I have the following shell script that allows me to start my rails app, let's say it's called start-app.sh:
#!/bin/bash
cd /var/www/project/current
. /home/user/.rvm/environments/ruby-2.3.3
RAILS_SERVE_STATIC_FILES=true RAILS_ENV=production nohup bundle exec rails s -e production -p 4445 > /var/www/project/log/production.log 2>&1 &
the file above have permissions of:
-rwxr-xr-x 1 user user 410 Mar 21 10:00 start-app.sh*
if i want to check the process I do the following:
ps aux | grep -v grep | grep ":4445"
it'd give me the following output:
user 2960 0.0 7.0 975160 144408 ? Sl 10:37 0:07 puma 3.12.0 (tcp://0.0.0.0:4445) [20180809094218]
P.S: the reason i grep ":4445" is because i have few processes running on different ports. (for different projects)

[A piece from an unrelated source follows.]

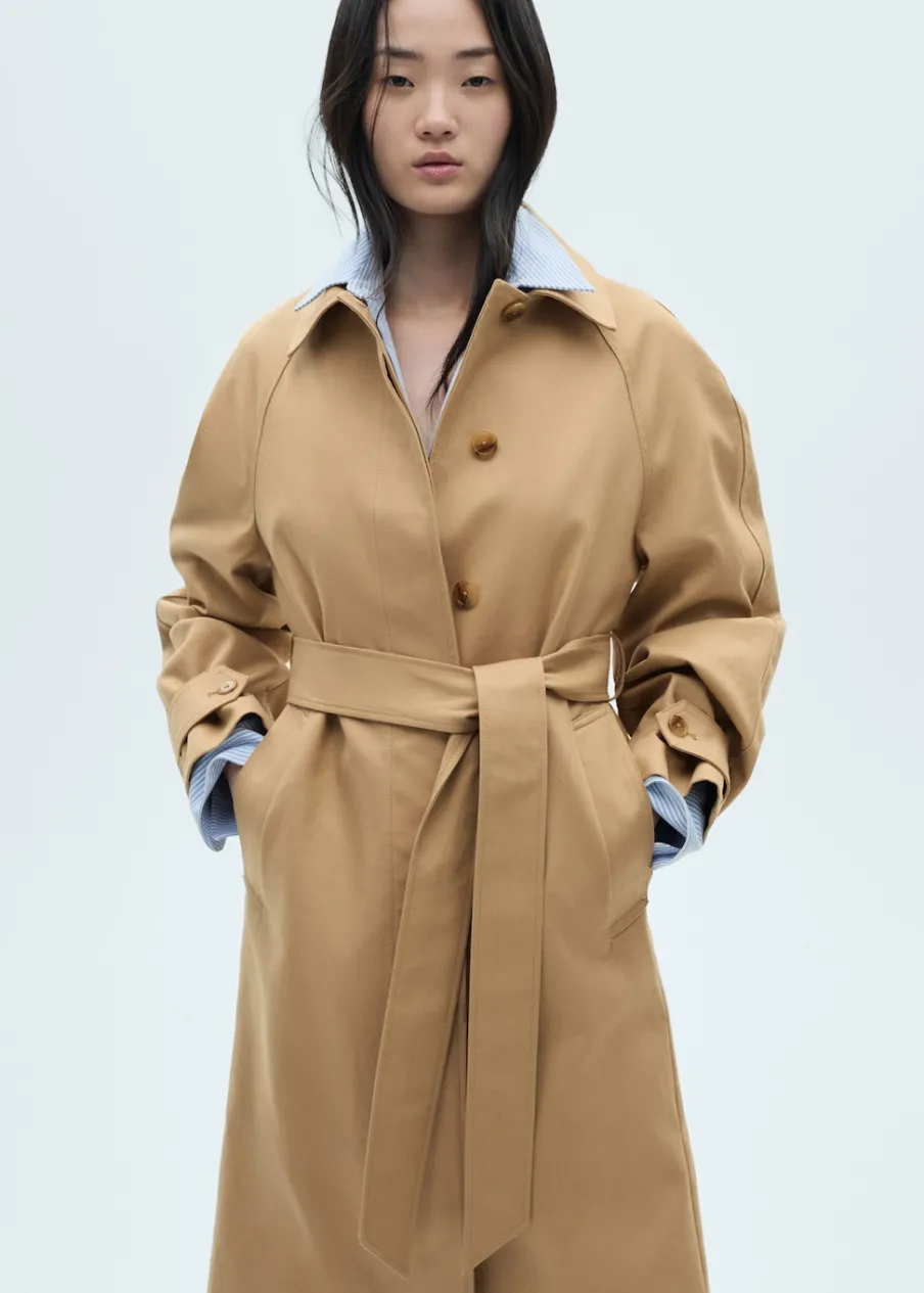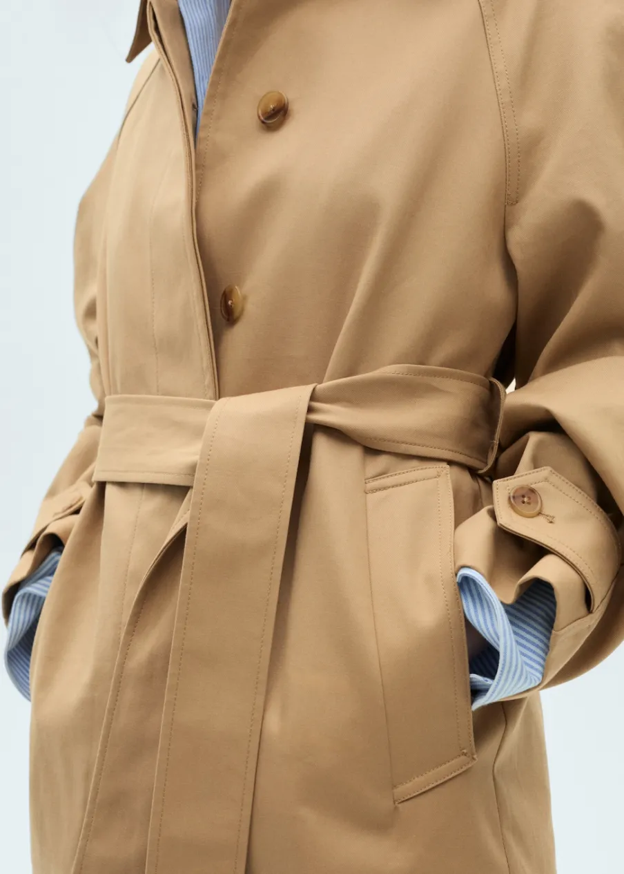 Model długi. Model oversize. Ciężka struktura. Koszulowy kołnierz. Długi rękaw z guzikami na mankietach. Kryte zapięcie na guziki z przodu. Szlufki. Regulowane wiązanie w talii. Kieszenie boczne. Wewnętrzna podszewka. Modelka ma 175 cm wzrostu i nosi rozmiar S/36. Tkanina z 100% bawełny.

now coming to monit, i used apt-get to install it, and the latest version from repo is 5.16, as i'm running on Ubuntu 16.04, also note that monit is running as root, that's why i specified the gid uid in the following. (because the start script is used to be executed from "user" and not "root")

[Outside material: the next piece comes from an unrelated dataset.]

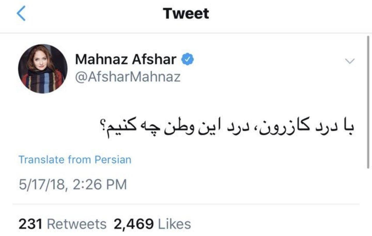 واکنش مهناز افشار به حوادث کازرون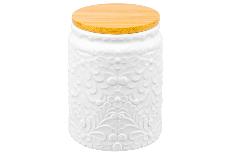 Банка от Elan Gallery предназначена для организации хранения продуктов на вашей кухне. Размер ёмкости – 9х9х12 см, объём – 450 мл. Выполнена из керамики и имеет белый цвет, матовая поверхность украшена рельефным лиственным орнаментом. Крышка выполнена из натурального бамбука и оснащена силиконовым уплотнителем. Изделие отлично подойдёт для хранения сыпучих продуктов: сахара и соли, чая и кофе, приправ и специй. Храните в баночке ягоды, орехи и сухофрукты. Заполните её любимыми сладостями: леденцами, конфетами или печеньем. Подайте к столу, чтобы идеально дополнить чайную сервировку! Герметичная деревянная крышечка защитит ваши продукты от попадания грязи и пыли. Коллекция из двух баночек лаконичных цветов впишется в любой интерьер и позволит организовать хранение даже на открытых полках. Не рекомендуется применять абразивные моющие средства. Не подходит для использования в микроволновой печи. Без бамбуковой крышки подходит для посудомоечной машины. Бамбук нельзя замачивать! Поставляется в дизайнерской картонной коробке – благодаря ей вам не потребуется дополнительная подарочная упаковка. Это идеальный подарок для хозяйки, ценящей не только практичность, но и стиль. В ассортименте бренда Элан Галерея представлены банки для хранения на любой вкус. Соберите целый набор кухонных контейнеров для эстетичного хранения продуктов на вашей кухне!

Here's the configuration for monit:
set daemon 20 # check services at 20 seconds interval
set logfile /var/log/monit.log
set idfile /var/lib/monit/id
set statefile /var/lib/monit/state
set eventqueue
basedir /var/lib/monit/events # set the base directory where events will be stored
slots 100 # optionally limit the queue size
set mailserver xx.com port xxx
username "xx#xx.com" password "xxxxxx"
using tlsv12
with timeout 20 seconds
set alert xx#xx.com
set mail-format {
from: xx#xx.com
subject: monit alert -- $EVENT $SERVICE
message: $EVENT Service $SERVICE
Date: $DATE
Action: $ACTION
Host: $HOST
Description: $DESCRIPTION
}
set limits {
programOutput: 51200 B
sendExpectBuffer: 25600 B
fileContentBuffer: 51200 B
networktimeout: 10 s
}
check system $HOST
if loadavg (1min) > 4 then alert
if loadavg (5min) > 2 then alert
if cpu usage > 90% for 10 cycles then alert
if memory usage > 85% then alert
if swap usage > 35% then alert
check process nginx with pidfile /var/run/nginx.pid
start program = "/bin/systemctl start nginx"

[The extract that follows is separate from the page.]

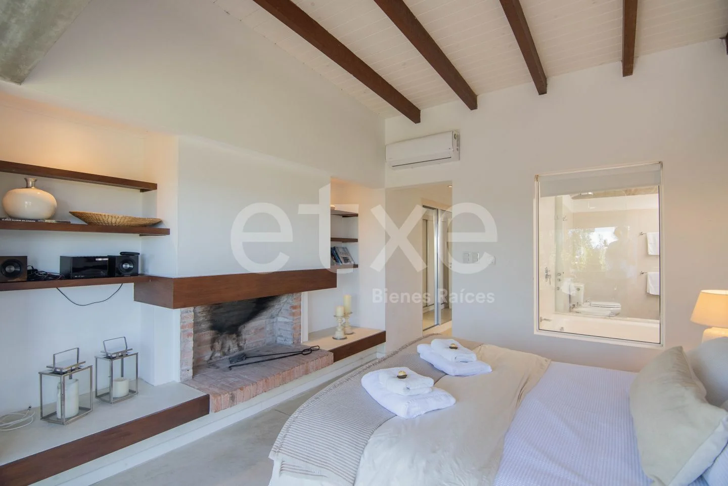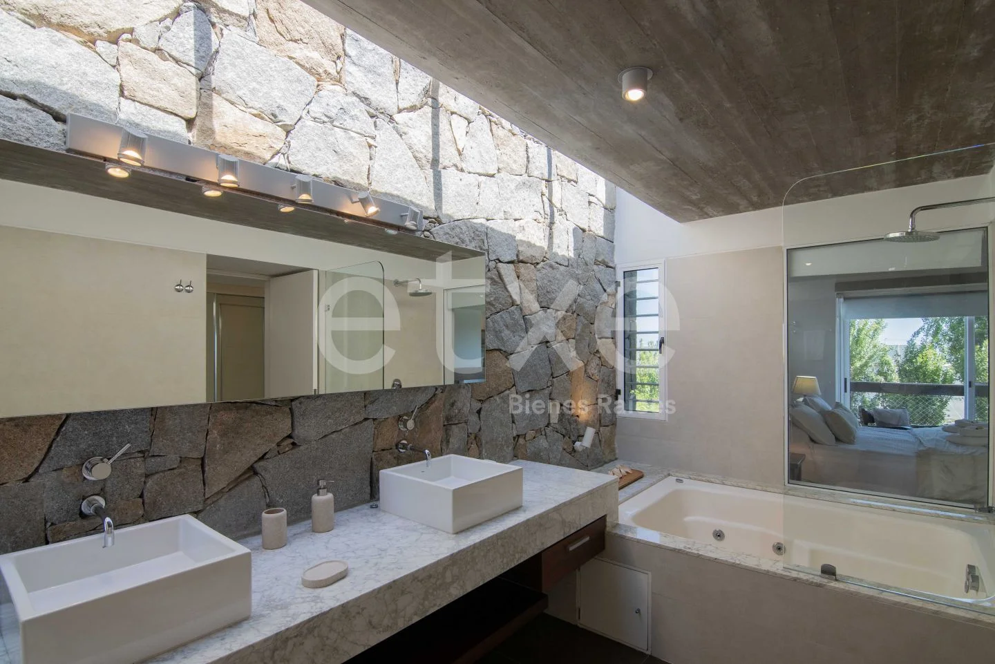 Dormitorio principal en suite con estufa a leña y baño con doble bacha y jacuzzi.

stop program = "/bin/systemctl stop nginx"
check process redis
matching "redis"
start program = "/bin/systemctl start redis"
stop program = "/bin/systemctl stop redis"
check process myapp
matching ":4445"
start program = "/bin/bash -c '/home/user/start-app.sh'" as uid "user" and gid "user"
stop program = "/bin/bash -c /home/user/stop-app.sh" as uid "user" and gid "user"
include /etc/monit/conf.d/*
include /etc/monit/conf-enabled/*
Now monit, is detecting and alerting me when the process goes down (if i kill it manually) and when it's manually recovered, but it won't start that shell script automatically.. and according to /var/log/monit.log, it's showing the following:
[UTC Aug 13 10:16:41] info : Starting Monit 5.16 daemon
[UTC Aug 13 10:16:41] info : 'production-server' Monit 5.16 started
[UTC Aug 13 10:16:43] error : 'myapp' process is not running
[UTC Aug 13 10:16:46] info : 'myapp' trying to restart
[UTC Aug 13 10:16:46] info : 'myapp' start: /bin/bash
[UTC Aug 13 10:17:17] error : 'myapp' failed to start (exit status 0) -- no output
So far what I see when monit tries to execute the script is that it tries to load it (i can see it for less than 3 seconds using ps aux | grep -v grep | grep ":4445", but this output is different from the above output i showed up, it shows the content of the shell script being executed and specifically this one:
blablalba... nohup bundle exec rails s -e production -p 4445
and then it disappears. then it tries to re-execute the shell.. again and again...
What am I missing, and what is wrong with my configuration? note that I can't change anything in the start-app.sh because it's on production and working 100%. (i just want to monitor it)
Edit: To my understanding and experience, it seems to be a Environment Variable issue or path issue, but i'm not sure how to solve it, it doesn't make any sense to put the env variables inside monit .. what if someone else wanted to edit that shell script or add something new? i hope you get my point
As i expected, it was user-environment issue and i solved it by editing monit configuration as below:
Before (not working)
check process myapp
matching ":4445"
start program = "/bin/bash -c '/home/user/start-app.sh'" as uid "user" and gid "user"
stop program = "/bin/bash -c /home/user/stop-app.sh" as uid "user" and gid "user"
After (working)
check process myapp
matching ":4445"
start program = "/bin/su -s /bin/bash -c '/home/user/start-app.sh' user"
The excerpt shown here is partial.